(DATA SUPPLIED begins)

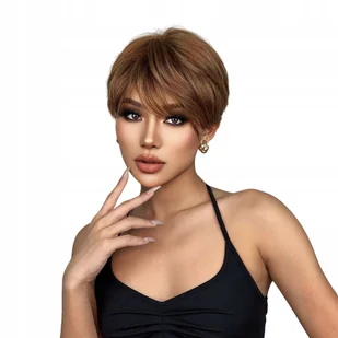 Peruka krótka jasny brąz pixie włosy na co dzień jak naturalne
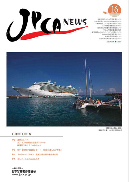 2018.05.15 JPCA NEWS 第16号 JPCA NEWS JPCA NEWS ダウンロード P2 最新ニュース 2018JPS展記念講演会レポート 映像著作権セミナーレポート P3 CP+2018写真展レポート 「後世に遺したい写真」 P4 スペシャルレポート 動画と静止画の著作権(4) P6 コンクールはだれのもの? JPCA NEWS 第15号 前の記事 JPCA NEWS 第17号 次の記事 特集記事 2024.08.01 フォトコンテスト主催者の皆さまへ 2023.08.17 生成AIに関する共同声明 2019.02.06 著作権法47条に関するガイドラインが合意されました(2019年1月22日策定) 2013.12.26 緊急声明 「言論・表現の自由」を侵害する「特定秘密保護法案」に反対します 2010.12.01 デジタル雑誌配信の権利処理ガイドラインについて 2009.08.27 「Google・ブック検索訴訟の和解案」に対する声明 最近の記事 ギャラリー 田沼武能 2025.12.29 年末年始休業のお知らせ 2025.12.1 26/2/22開催 写真著作権セミナーのご案内 2025.11.22 写真著作権テキストブック『考える写真著作権』第2版を発行しました 2025.11.21 写真著作権セミナー 東川町フォト・フェスタ2025のご案内 2025.07.11
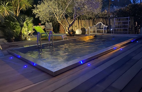 Villa of full foot 120m2 entirely air-conditioned, with outdoor spa at 37 degrees all the year, terrace with outdoor living room full west sunny sunny garden of 130 m2 exotic wood in the heart of the golf biscarrosse and close lake, ocean, and beach
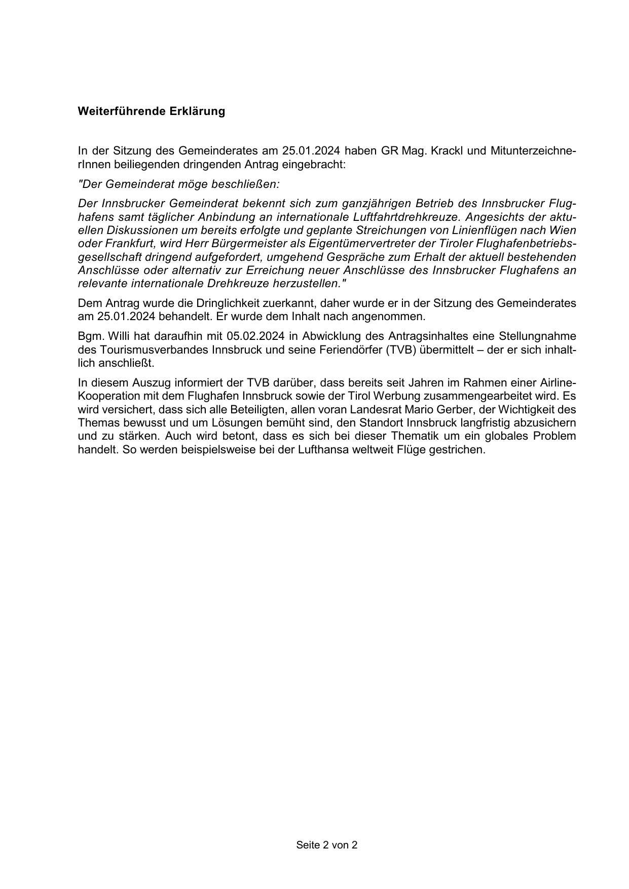 Der Innsbrucker Gemeinderat bekennt sich zum ganzjährigen Betrieb des Innsbrucker Flughafens samt täglicher Anbindung an internationale Luftfahrtdrehkreuze. Angesichts der aktuellen Diskussionen um bereits erfolgte und geplante Streichungen von Linienflügen nach Wien
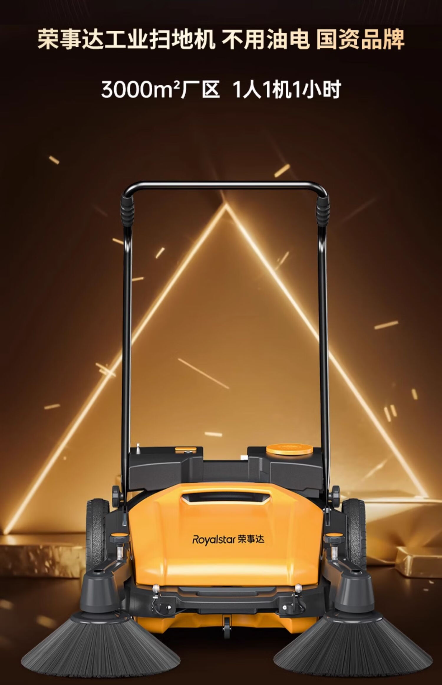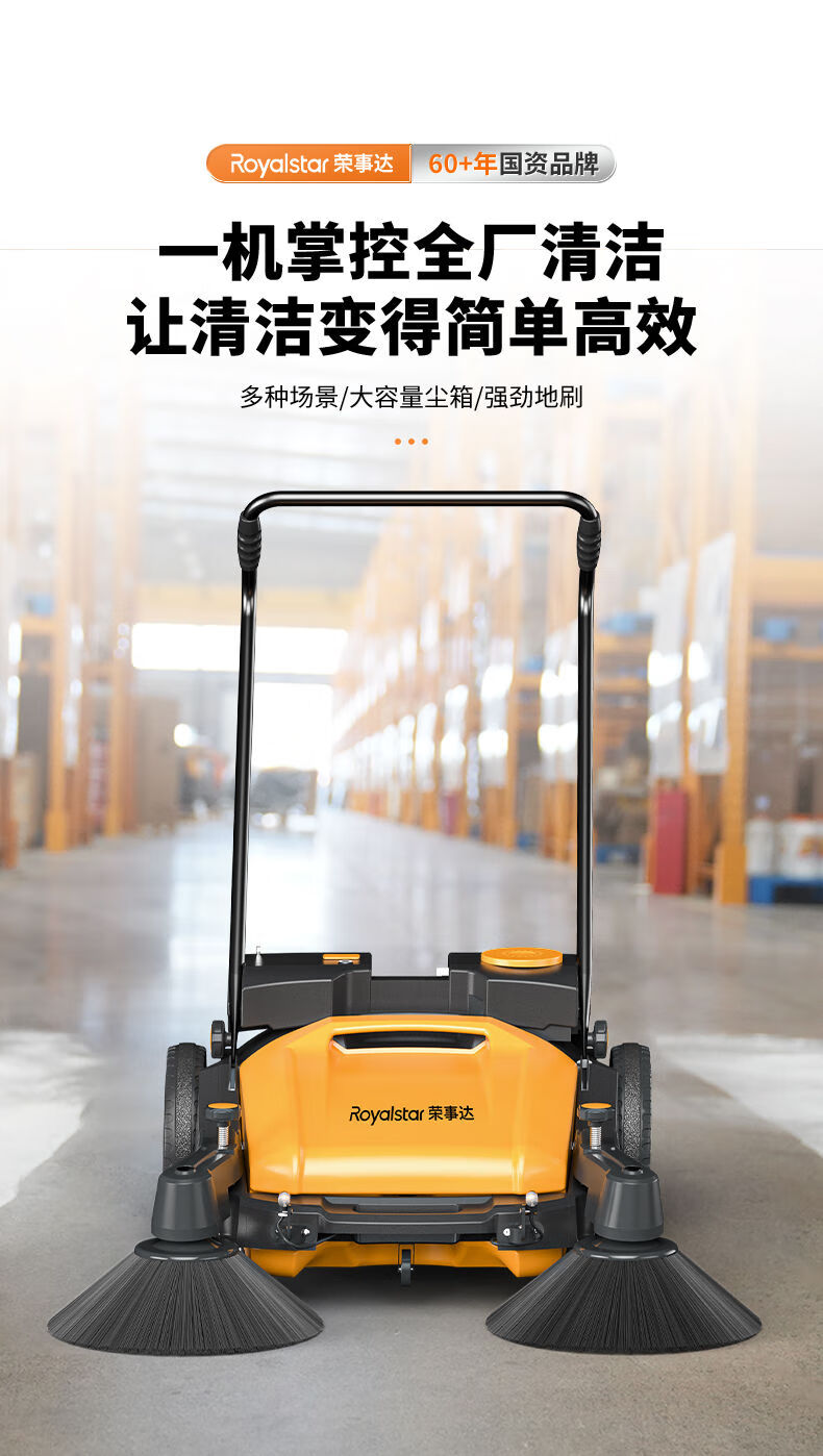 Industrial hand push sweeper, factory workshop, farm road warehouse dust cleaning sweeper, 55L engineering plastic model - cleaning efficiency 3860M/H
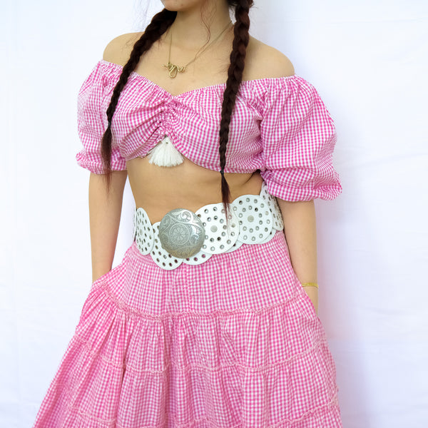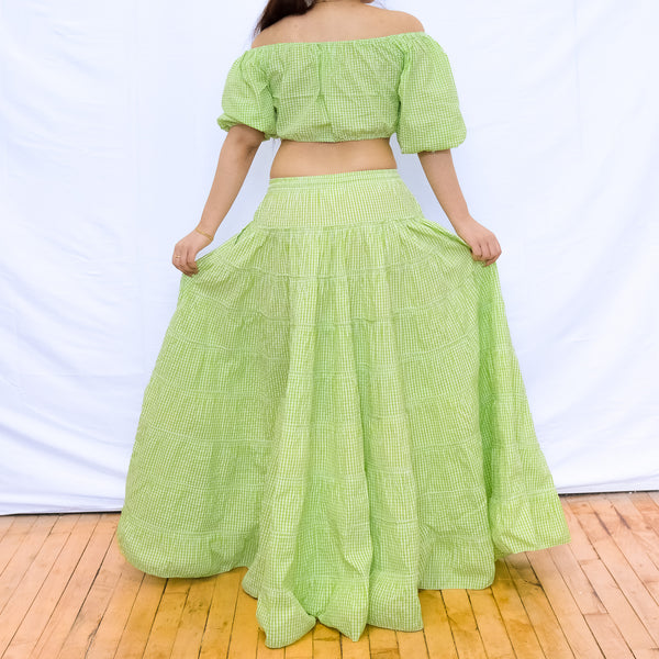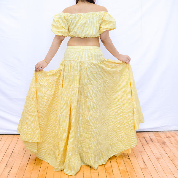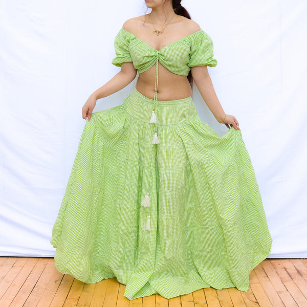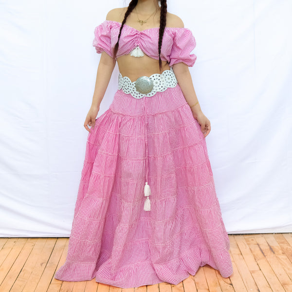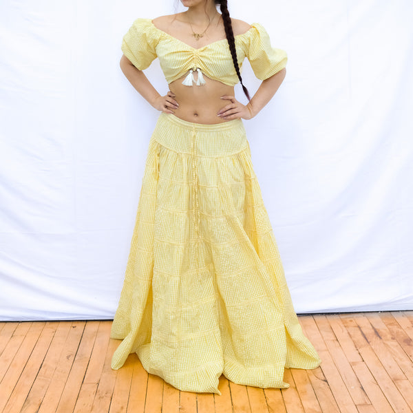 Step into your sunshine era with our handmade gingham two-piece set – a dreamy blend of vintage charm and modern boho spirit. This cottagecore-inspired outfit features a puff sleeve crop top with a flattering ruched front and playful tassel ties, paired with a full-tiered maxi skirt that sways with every step. Whether you're dancing barefoot at a festival, hosting a summer picnic, or simply twirling through your day, this set brings comfort, whimsy, and flair.
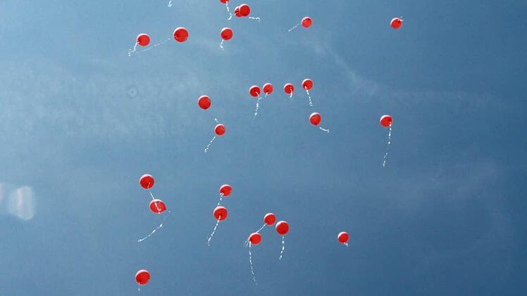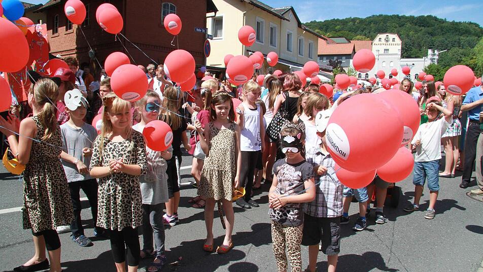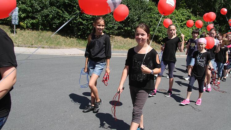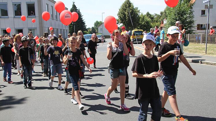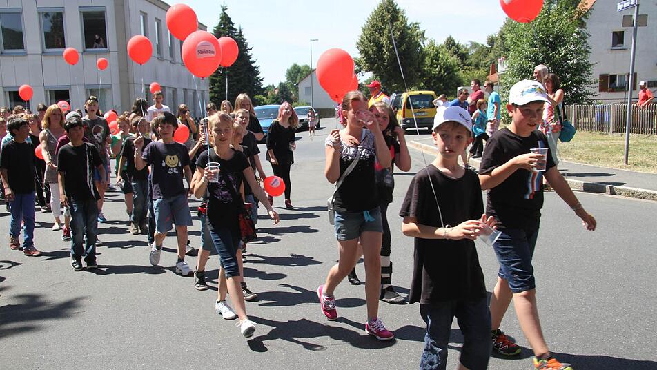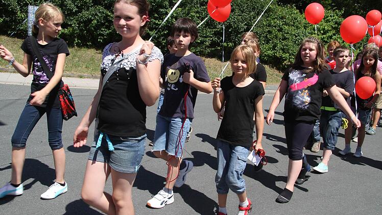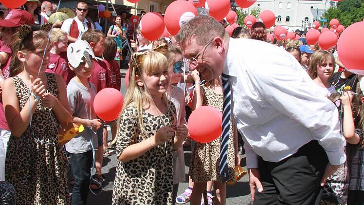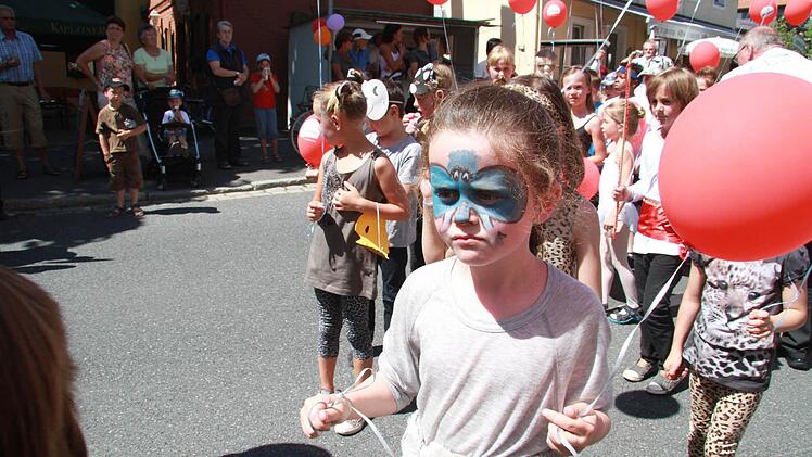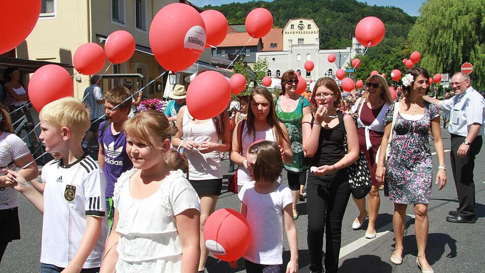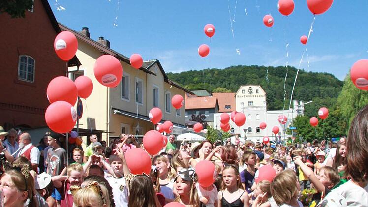 Richtig los ging das Fest für die großen und kleinen Wiesenfestbesucher, als alle vor dem Mönchshof-Garten die Bayerische-Rundschau-Luftballons in den Himmel steigen ließen und nachdem Oberbürgermeister Henry Schramm mit seinen Stadträten das Fahnenband an die Wiesenfestfahne geheftet hatte. Aus vollem Hals sangen die Blaicher Schüler das Frankenlied und das Kulmbachlied. Denn das gehört ebenso zum Blaicher Weisenfest wie die Bratwürste. Und die spendierte auch beim 100.
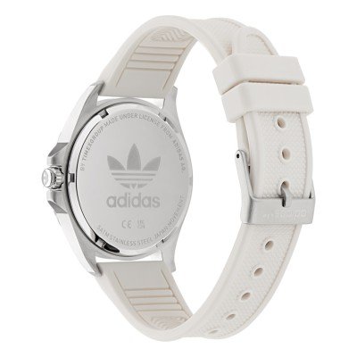 Questo orologio Adidas ha una cassa in Inox con un diametro di 40 mm ed è dotato di un cinturino in gomma. All'interno della cassa si trova un movimento di Timex e l'orologio è dotato di un cristallo di Minerale.
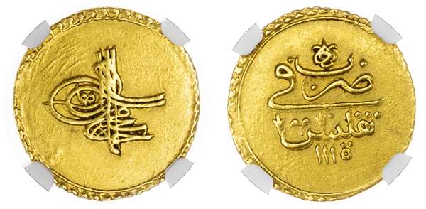 Ottoman Empire, Ahmad III bin Mohammad (AH 1115-1143 / 1703-1730 AD), gold Findik, Tiflis (Tblisi) mint, AH 1115 / 1703 AD, toughra Ottoman Sultan Ahmad III. Rev. Mintmark and date, 3.48g (KM 8; Pere 514). In NGC holder graded AU 55. Extremely rare mint – only a handful examples known on the market, with this being the finest one.

(DATA SUPPLIED ends)

**TASK STATEMENT:**
Reproduce the entries exactly, from the line with "Villa of full" to the line with "Step into your", both lines included, keeping no pictures.

**SOLUTION FOR THIS EXERCISE:**
 Villa of full foot 120m2 entirely air-conditioned, with outdoor spa at 37 degrees all the year, terrace with outdoor living room full west sunny sunny garden of 130 m2 exotic wood in the heart of the golf biscarrosse and close lake, ocean, and beach
 Der Innsbrucker Gemeinderat bekennt sich zum ganzjährigen Betrieb des Innsbrucker Flughafens samt täglicher Anbindung an internationale Luftfahrtdrehkreuze. Angesichts der aktuellen Diskussionen um bereits erfolgte und geplante Streichungen von Linienflügen nach Wien
 Industrial hand push sweeper, factory workshop, farm road warehouse dust cleaning sweeper, 55L engineering plastic model - cleaning efficiency 3860M/H
 Step into your sunshine era with our handmade gingham two-piece set – a dreamy blend of vintage charm and modern boho spirit. This cottagecore-inspired outfit features a puff sleeve crop top with a flattering ruched front and playful tassel ties, paired with a full-tiered maxi skirt that sways with every step. Whether you're dancing barefoot at a festival, hosting a summer picnic, or simply twirling through your day, this set brings comfort, whimsy, and flair.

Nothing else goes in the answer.